‘Government simply dropped the ‘hot potato,’ then re-created the same operation with a new name’
Bob Unruh
WND News Center
When the Biden administration was working to launch what quickly became known as his Orwellian “Ministry of Truth,” the public reacted negatively and it was “shut down.”
But it may be back already.
A extensively sourced report from Just the News notes that the original operation was called the “Disinformation Governance Board” and was under the Homeland Security Department.
Its chief was supposed to be far-left activist Nina Jankowicz, who later insisted that Fox News’ reporting on Biden’s scheme to influence information Americans can access hurt her work.
She launched a campaign to collect money from Americans so she could sue.
Now, the Just the News report explains, there are those with concerns about a “new federal official to shield U.S. public opinion from purported threats of foreign disinformation” and it is nothing more than a “thinly veiled reboot” of the original censorship plan.
The new name is the “Foreign Malign Influence Center,” and the report confirms it was launched virtually without notice under the Office of the Director of National Intelligence.
It already is “provoking fears that it will use overstated foreign threats as a pretext to interfere in domestic political debate or will duplicate other federal efforts, especially a controversial State Department unit that tries to squelch populism abroad,” the report said.
The FMIC itself claims “The threat to U.S. democratic processes and institutions from foreign malign influence is persistent and dynamic.

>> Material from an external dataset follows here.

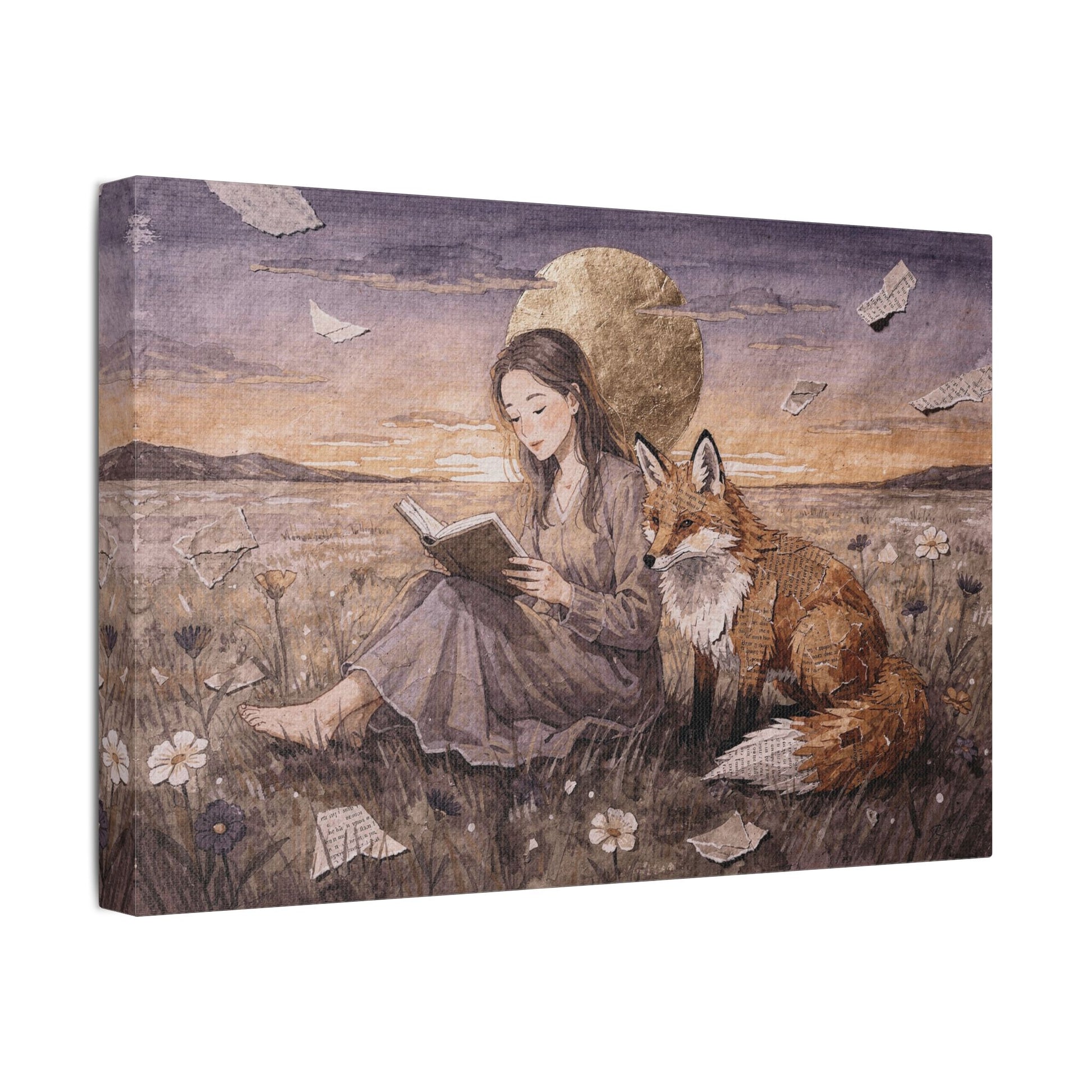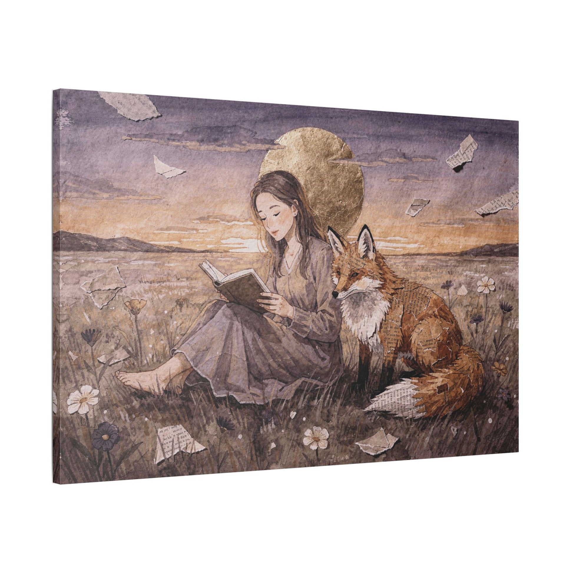 Meadow at Dusk captures a quiet, dreamlike moment of stillness and companionship. A young woman sits barefoot in a wildflower meadow, absorbed in a book, while a fox rests calmly at her side. Above them, a glowing golden moon rises against a soft evening sky, lending the scene a gentle, almost mythic calm.

Informing efforts to counter it requires constant attention, a whole-of-government approach, support from the private sector, and engagement from the public.”
The first public mention apparently came in comments from director Avril Haines during a Senate Armed Services Committee meeting just days ago.

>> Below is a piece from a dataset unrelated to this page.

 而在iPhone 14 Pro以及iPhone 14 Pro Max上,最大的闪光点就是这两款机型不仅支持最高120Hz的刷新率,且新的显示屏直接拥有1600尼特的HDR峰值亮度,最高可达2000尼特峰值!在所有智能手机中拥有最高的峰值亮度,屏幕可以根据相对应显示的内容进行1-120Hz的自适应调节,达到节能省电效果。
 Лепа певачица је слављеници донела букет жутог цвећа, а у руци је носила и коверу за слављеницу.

It apparently is to protect American “public opinion,” “suggesting the potential for policing domestic narratives,” the report said.
One “domestic narrative” that appeared just before the 2020 presidential election was the accurate reporting on the Biden family scandals detailed in a laptop computer Hunter Biden abandoned at a repair shop.
The FBI instructed social and other media companies to suppress that information, a move that likely impacted the election results, as a Media Research Center poll after showed had that information about Joe Biden been widely reported, many voters would have dropped their support for him.
Twitter Files journalist Matt Taibbi said, in the Just the News report, “It’s the basic rhetorical trick of the censorship age: raise a fuss about a foreign threat, using it as a battering ram to get everyone from Congress to the tech companies to submit to increased regulation and surveillance. Then, slowly, adjust your aim to domestic targets.”
The project was funded in the Intelligence Authorization Act for Fiscal Year 2022 and it officially is supposed to be protecting “political, military, economic, or other policies or activities” of federal, state and local governments, including elections, and domestic “public opinion.” Just the News said.
Brownstone Research, described by Just the News as a “boutique investment research firm,” said, “The government simply dropped the ‘hot potato’ – the original ‘Disinformation Governance Board’ – then re-created the same operation with a new name.
Haines told the Senate panel the FMIC was to look at “foreign influence and interference in elections” and deal “generally” with disinformation.
WND previously reported that members of the U.S. Senate were accusing Biden’s handlers of concealing details about their censorship schemes.
Those cited his now-failed Disinformation Governance Board. It was supposedly a government operation that would review and declare certain statements, even opinions, “disinformation” and rule that it be censored.
It’s already known that the Biden administration had multiple channels to foundations to complain about social media statements it disliked.
Those foundations then would, acting on behalf of the government, lobby social media companies to censor those views.
That scenario has raised many First Amendment questions, as the government is forbidden from censoring private speech.
When the board’s work became known it quickly was termed the “Ministry of Truth,” which, as Orwell described, perpetuated lies.